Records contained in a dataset
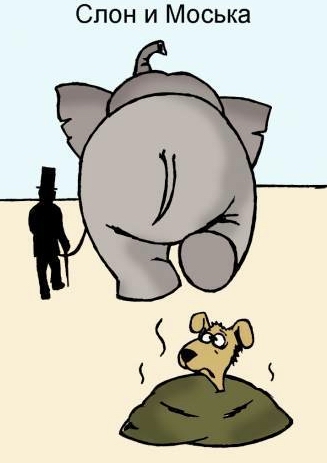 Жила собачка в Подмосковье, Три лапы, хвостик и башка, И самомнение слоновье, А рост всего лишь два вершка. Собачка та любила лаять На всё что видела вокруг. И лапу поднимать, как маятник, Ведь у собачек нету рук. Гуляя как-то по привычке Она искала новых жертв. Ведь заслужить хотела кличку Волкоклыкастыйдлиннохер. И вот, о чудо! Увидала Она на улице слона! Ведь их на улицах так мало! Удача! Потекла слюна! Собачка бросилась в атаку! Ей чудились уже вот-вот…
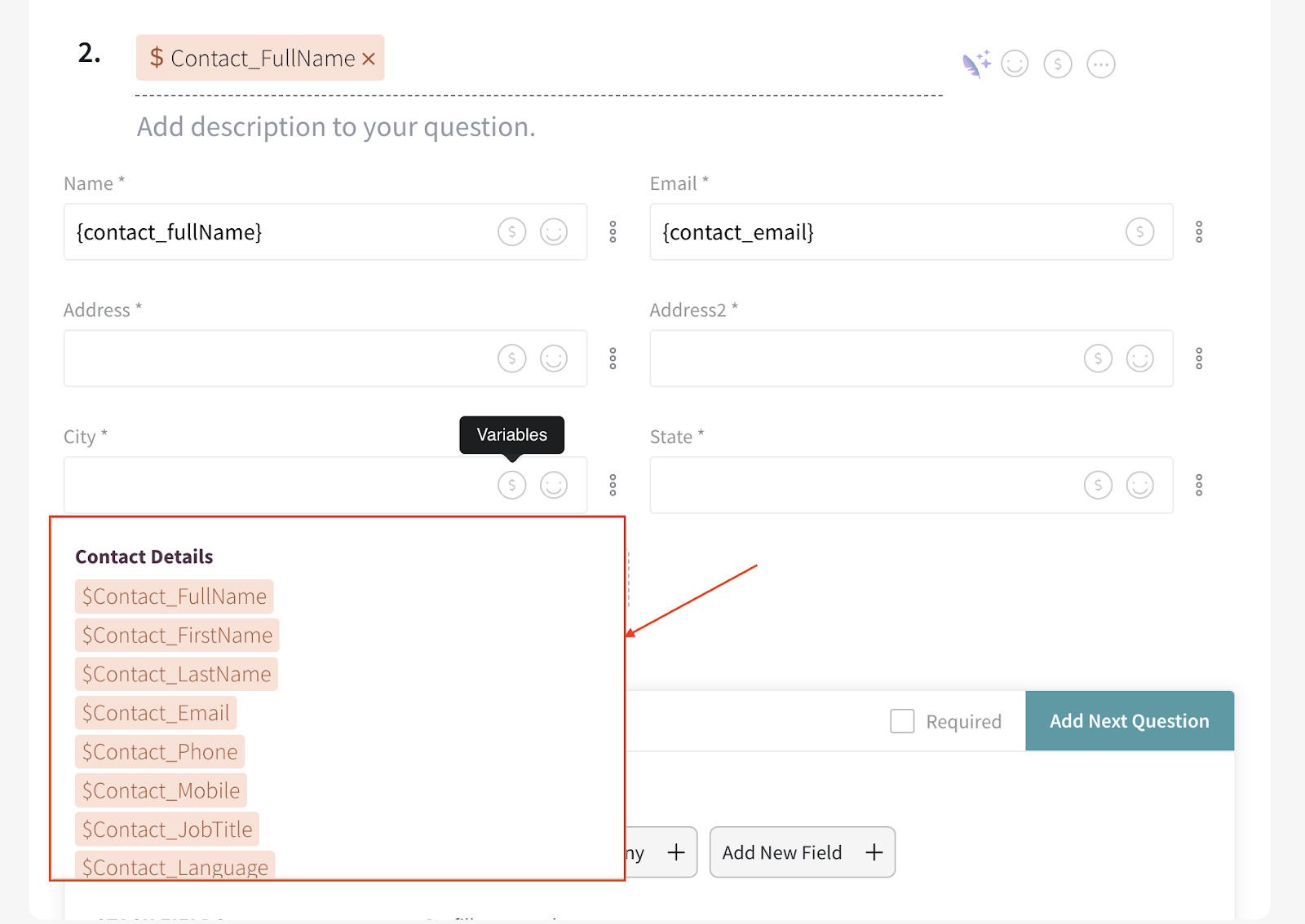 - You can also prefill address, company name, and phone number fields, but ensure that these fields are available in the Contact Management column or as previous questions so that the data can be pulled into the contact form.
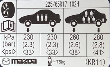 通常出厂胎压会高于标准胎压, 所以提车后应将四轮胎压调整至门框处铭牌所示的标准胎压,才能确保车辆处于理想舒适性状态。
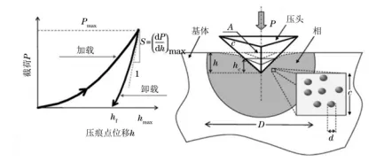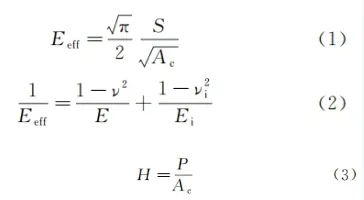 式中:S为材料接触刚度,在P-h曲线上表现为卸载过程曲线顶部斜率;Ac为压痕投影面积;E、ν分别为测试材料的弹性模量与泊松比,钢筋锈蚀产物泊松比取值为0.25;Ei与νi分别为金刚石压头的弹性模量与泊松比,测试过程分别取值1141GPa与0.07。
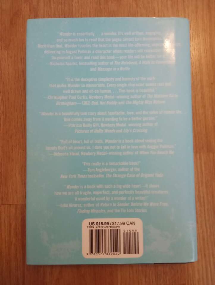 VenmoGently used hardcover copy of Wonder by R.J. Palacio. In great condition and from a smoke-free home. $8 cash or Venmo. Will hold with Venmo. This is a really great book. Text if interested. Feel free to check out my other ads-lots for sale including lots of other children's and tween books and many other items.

■ WHAT YOU SHOULD DO ■
Beginning at the line above that contains "- You can also", repeat each line exactly through the one that contains "通常出厂胎压会高于标准胎压, 所以提车后", and leave out the pictures.

■ SOLVED EXERCISE ■
 - You can also prefill address, company name, and phone number fields, but ensure that these fields are available in the Contact Management column or as previous questions so that the data can be pulled into the contact form.
 通常出厂胎压会高于标准胎压, 所以提车后应将四轮胎压调整至门框处铭牌所示的标准胎压,才能确保车辆处于理想舒适性状态。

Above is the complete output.